▶ **GIVEN INFORMATION**
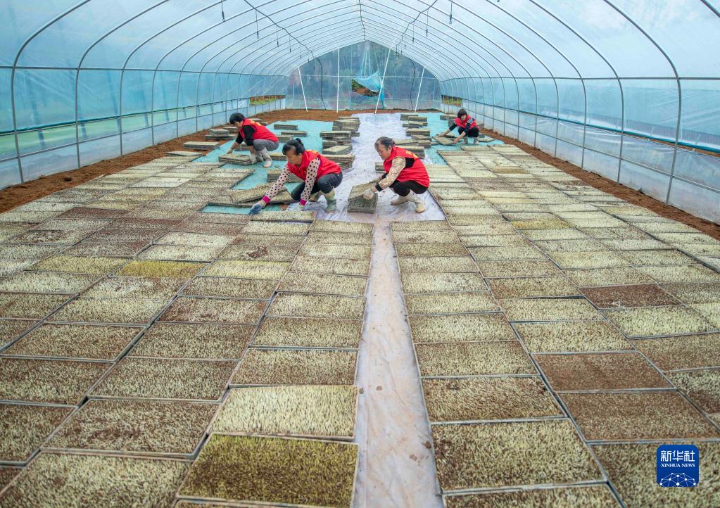 4月5日,在湖南省永州市道縣上關(guān)街道向陽村,農(nóng)民在和豐農(nóng)機專業(yè)合作社育秧基地擺放秧盤。
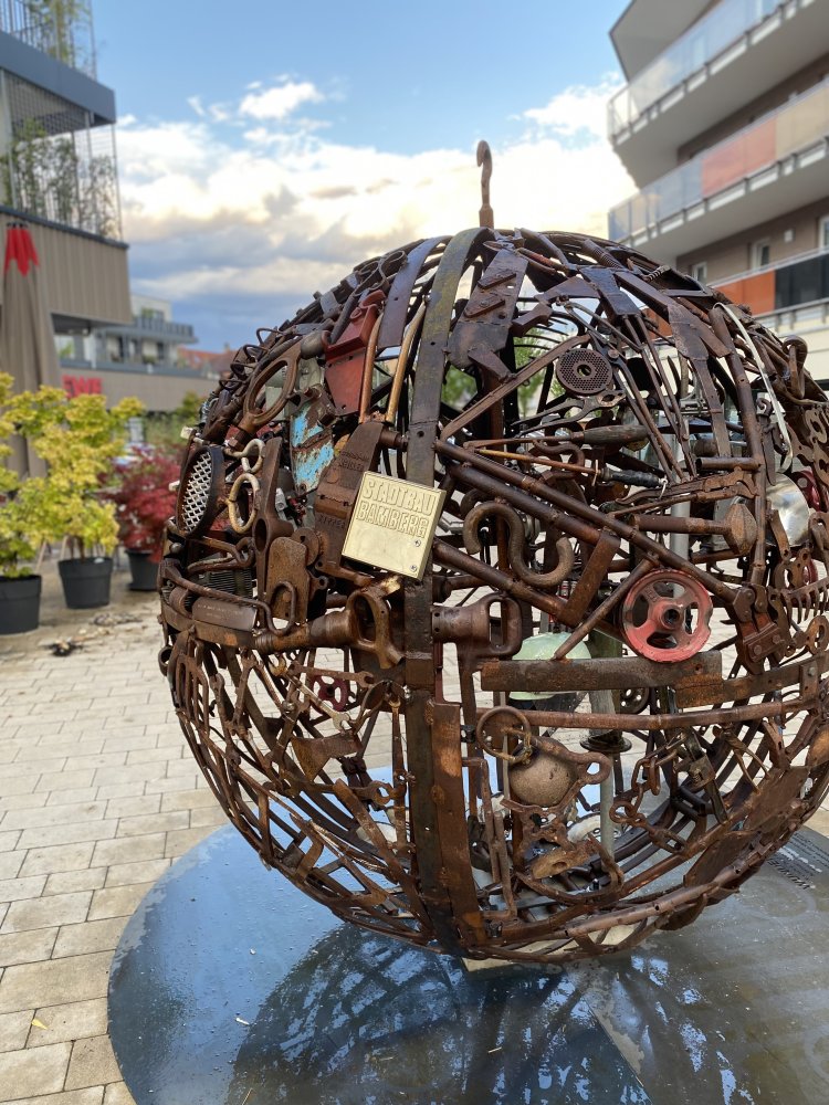 Nach mehreren Monaten Planung, Organisation und viel Schweißarbeit steht die Wunderkugel nun im Ulanenpark. Initiator Jonny Hübner und Künstler Ingo Siegismund haben in mehrmonatiger, mühevoller Kleinarbeit aus der Idee eine moderne Skulptur geschaffen, eine hohle Kugel mit ca. 2 m Durchmesser, die aus vielen verschiedenen Metallteilen besteht.
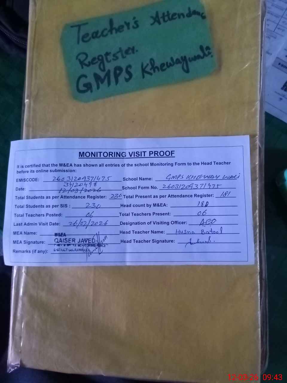 | Attendance Register | Head Teacher | MEA with School | Visit Proof |

▶ **THE PROBLEM**
Reproduce the listing exactly, but keep its images out of the copy.

▶ **TASK RESPONSE**
 4月5日,在湖南省永州市道縣上關(guān)街道向陽村,農(nóng)民在和豐農(nóng)機專業(yè)合作社育秧基地擺放秧盤。
 Nach mehreren Monaten Planung, Organisation und viel Schweißarbeit steht die Wunderkugel nun im Ulanenpark. Initiator Jonny Hübner und Künstler Ingo Siegismund haben in mehrmonatiger, mühevoller Kleinarbeit aus der Idee eine moderne Skulptur geschaffen, eine hohle Kugel mit ca. 2 m Durchmesser, die aus vielen verschiedenen Metallteilen besteht.
 | Attendance Register | Head Teacher | MEA with School | Visit Proof |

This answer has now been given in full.